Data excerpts
* * *

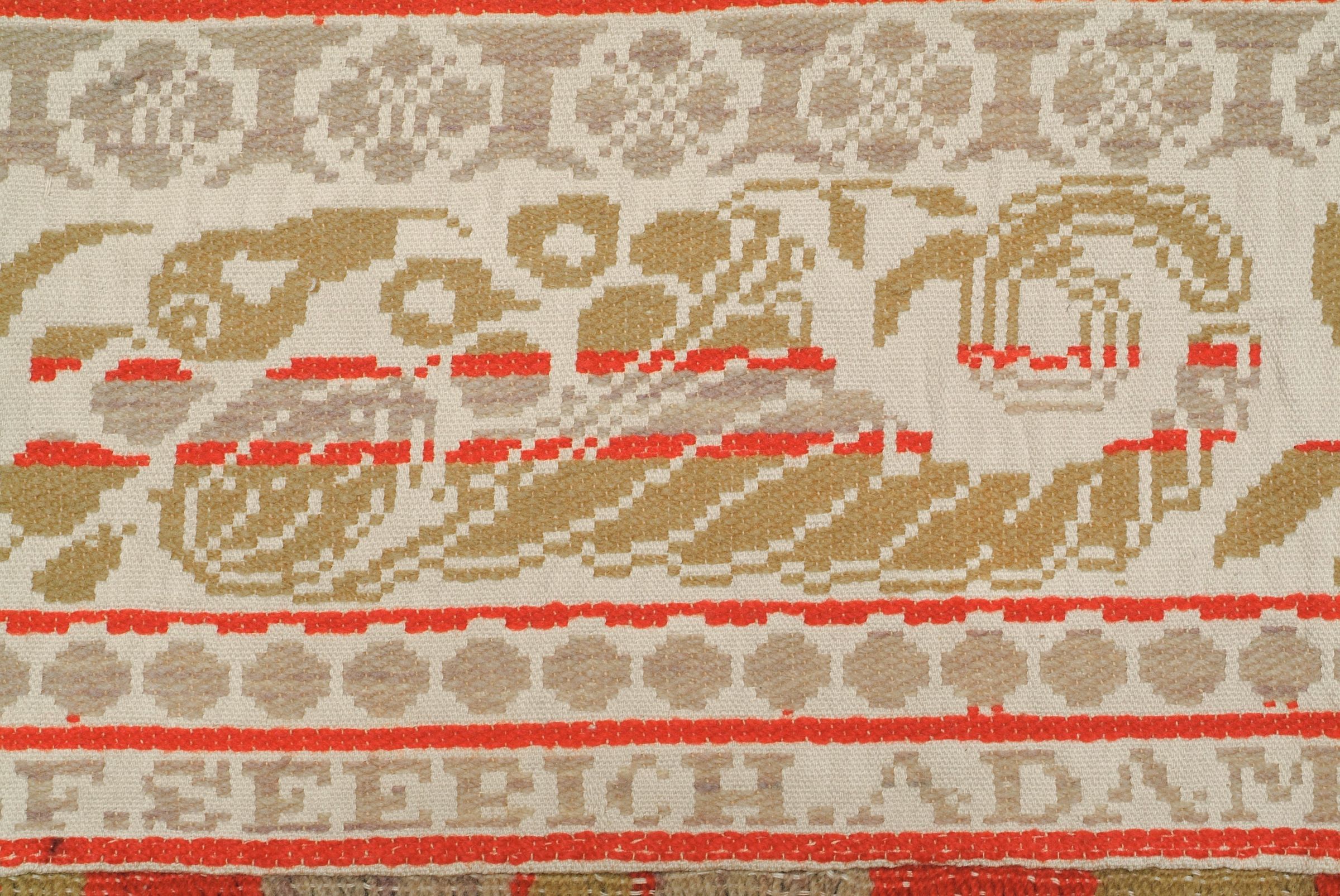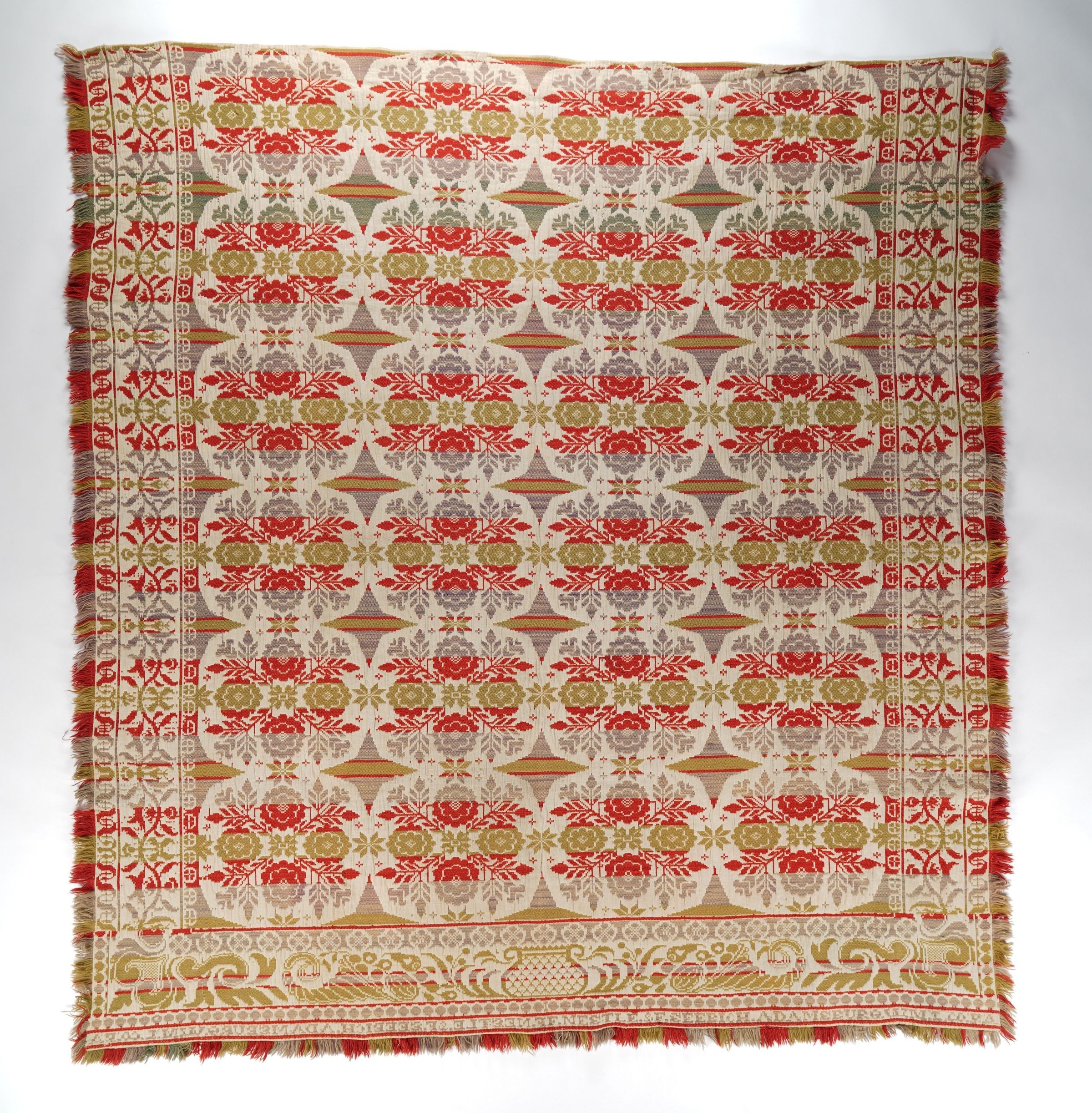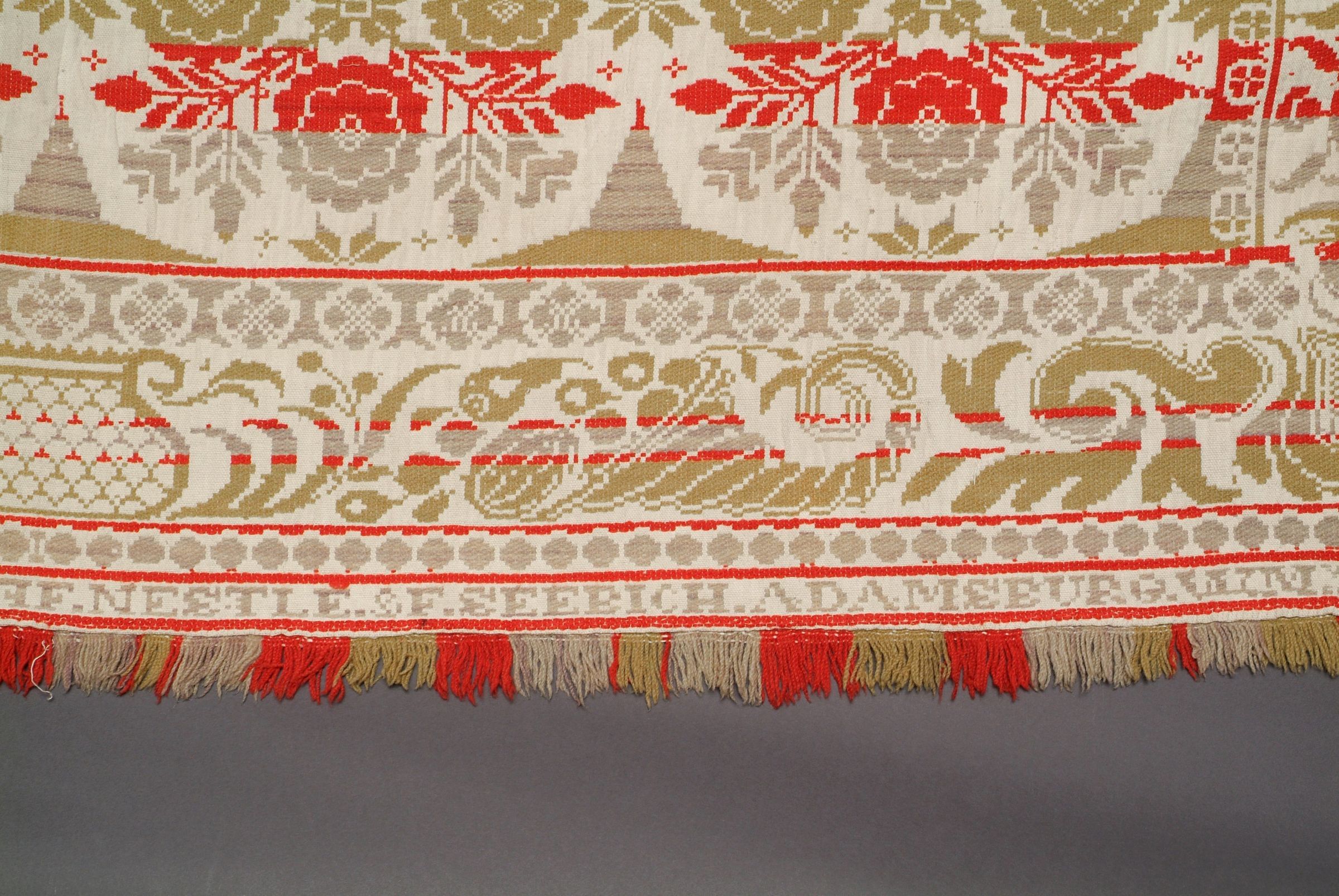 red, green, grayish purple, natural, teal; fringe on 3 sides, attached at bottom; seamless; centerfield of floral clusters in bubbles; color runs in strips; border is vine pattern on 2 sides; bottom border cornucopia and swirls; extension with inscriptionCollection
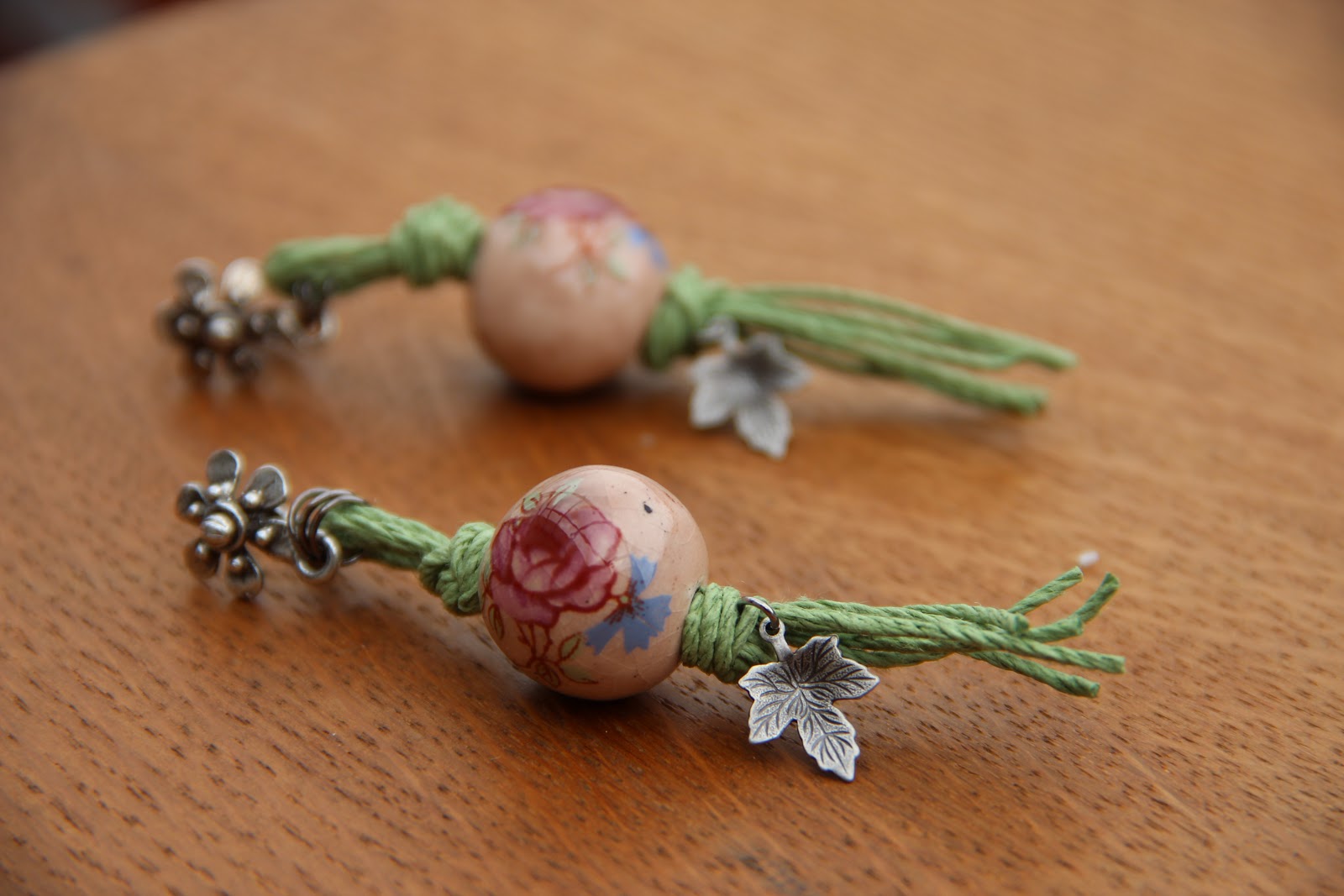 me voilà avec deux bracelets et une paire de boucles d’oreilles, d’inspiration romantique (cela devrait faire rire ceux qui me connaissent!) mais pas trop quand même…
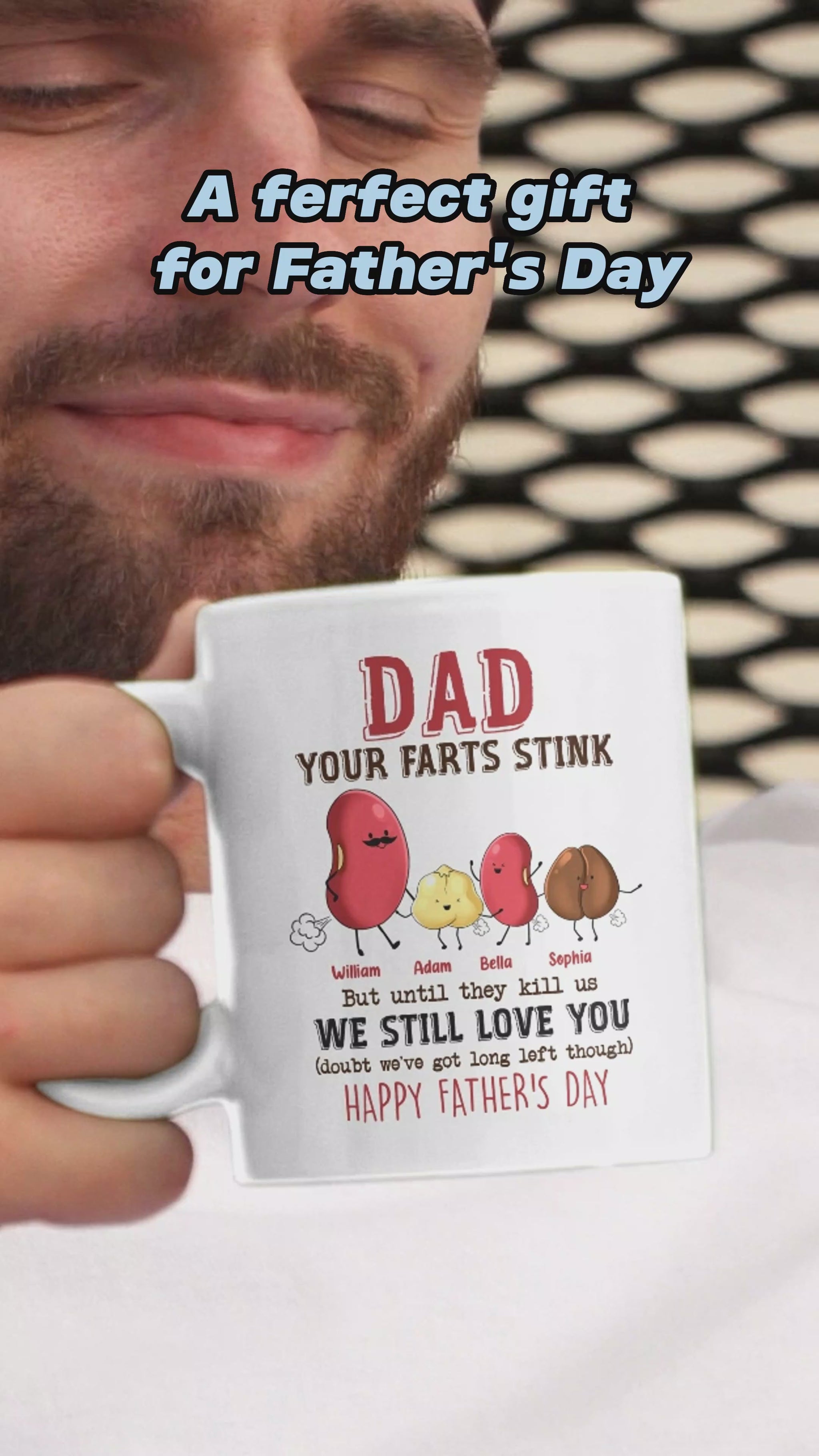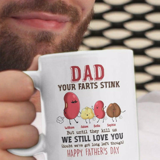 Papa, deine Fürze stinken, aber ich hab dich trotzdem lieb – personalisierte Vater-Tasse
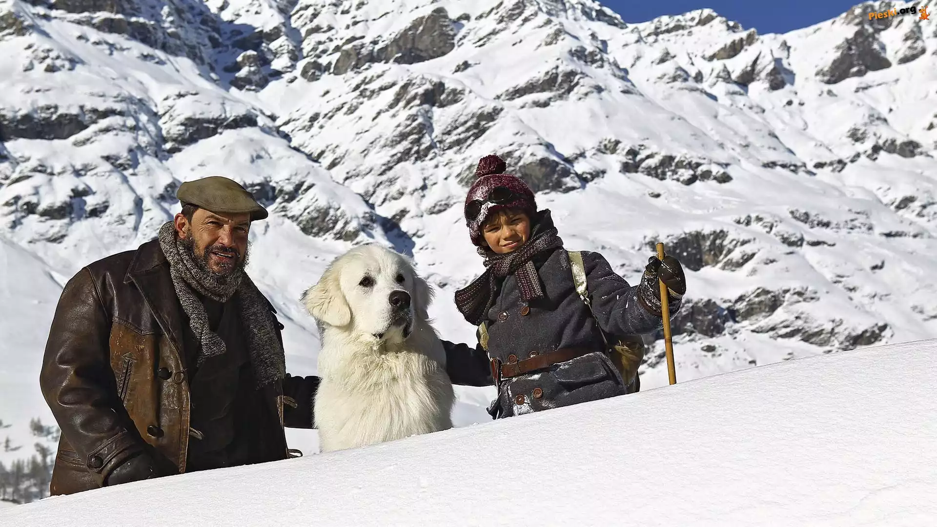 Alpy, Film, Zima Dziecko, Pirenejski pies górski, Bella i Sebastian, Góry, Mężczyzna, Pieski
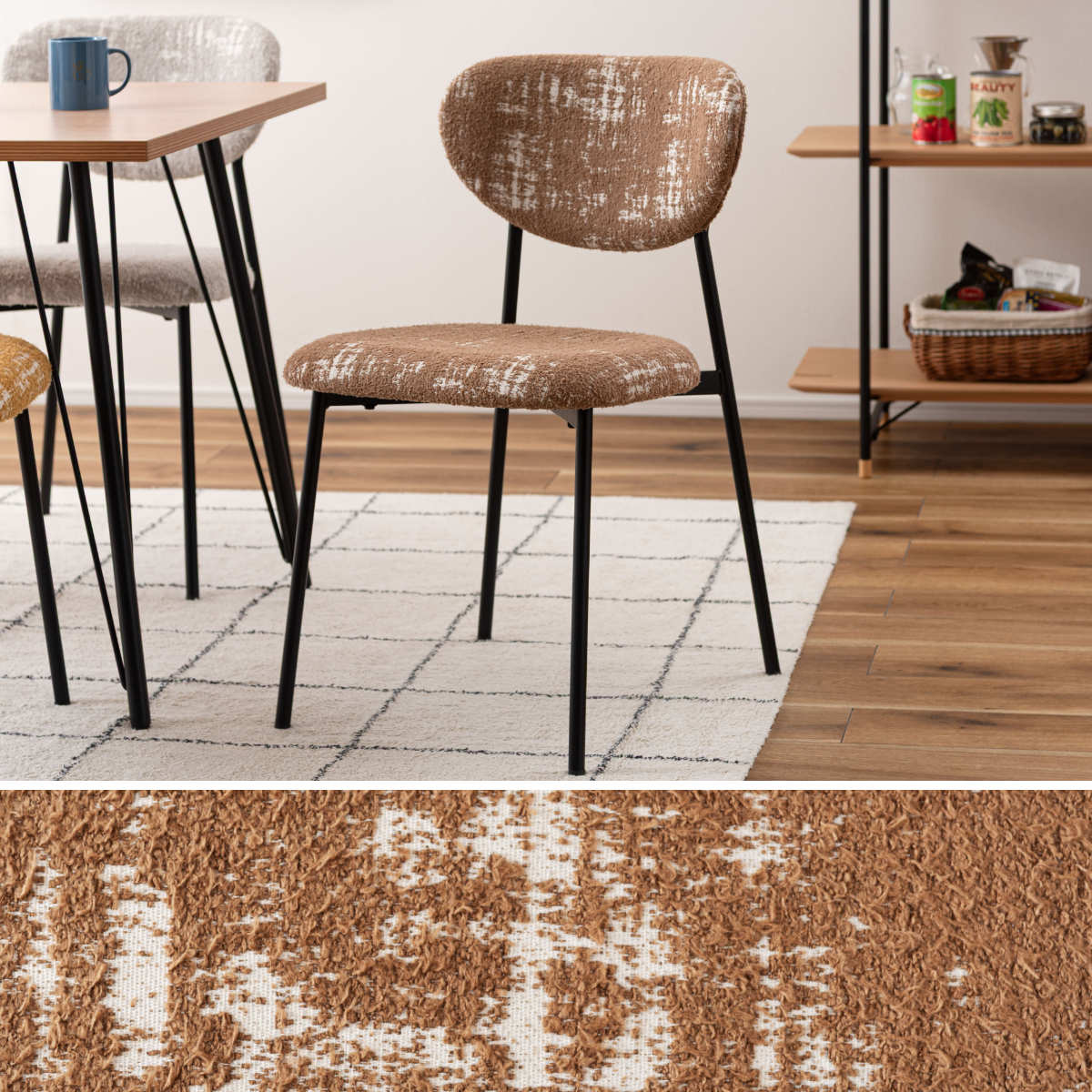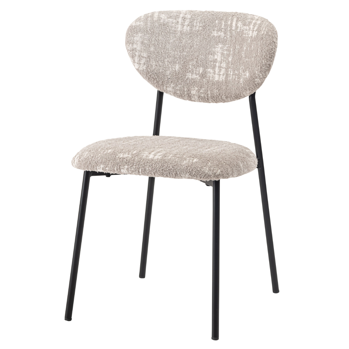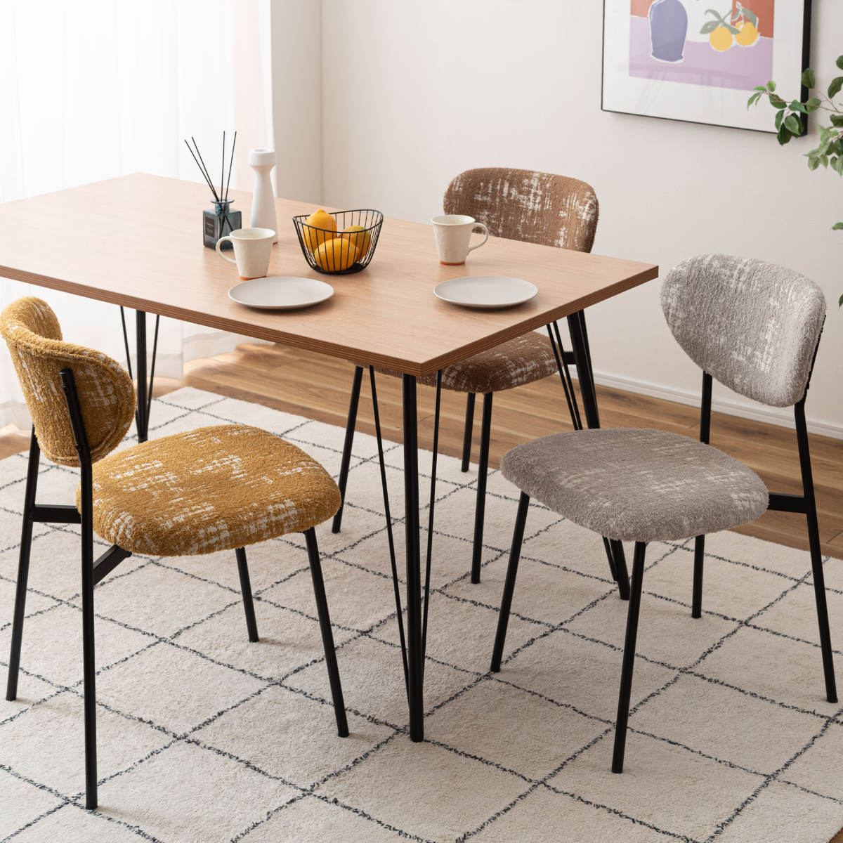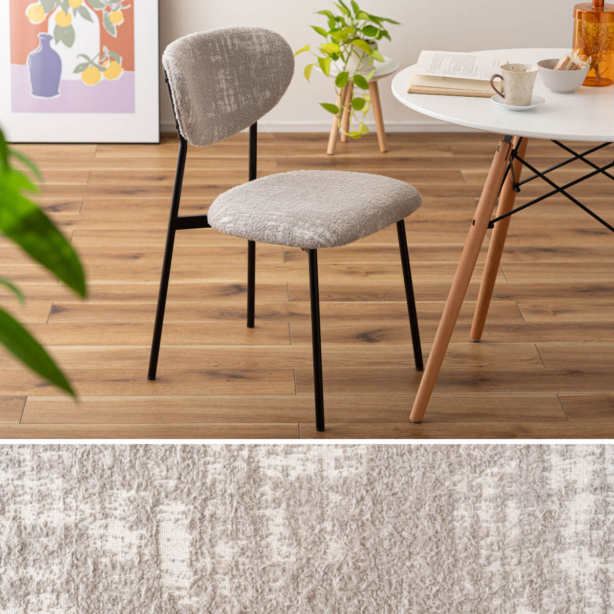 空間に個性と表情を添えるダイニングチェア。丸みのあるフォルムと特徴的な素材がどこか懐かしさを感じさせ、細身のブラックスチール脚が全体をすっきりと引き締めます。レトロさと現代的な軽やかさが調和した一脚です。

* * *

◆ **DIRECTIONS FOR THIS TASK**:
Repeat every entry above word for word, and include no pictures.

◆ **TASK RESPONSE**:
 red, green, grayish purple, natural, teal; fringe on 3 sides, attached at bottom; seamless; centerfield of floral clusters in bubbles; color runs in strips; border is vine pattern on 2 sides; bottom border cornucopia and swirls; extension with inscriptionCollection
 me voilà avec deux bracelets et une paire de boucles d’oreilles, d’inspiration romantique (cela devrait faire rire ceux qui me connaissent!) mais pas trop quand même…
 Papa, deine Fürze stinken, aber ich hab dich trotzdem lieb – personalisierte Vater-Tasse
 Alpy, Film, Zima Dziecko, Pirenejski pies górski, Bella i Sebastian, Góry, Mężczyzna, Pieski
 空間に個性と表情を添えるダイニングチェア。丸みのあるフォルムと特徴的な素材がどこか懐かしさを感じさせ、細身のブラックスチール脚が全体をすっきりと引き締めます。レトロさと現代的な軽やかさが調和した一脚です。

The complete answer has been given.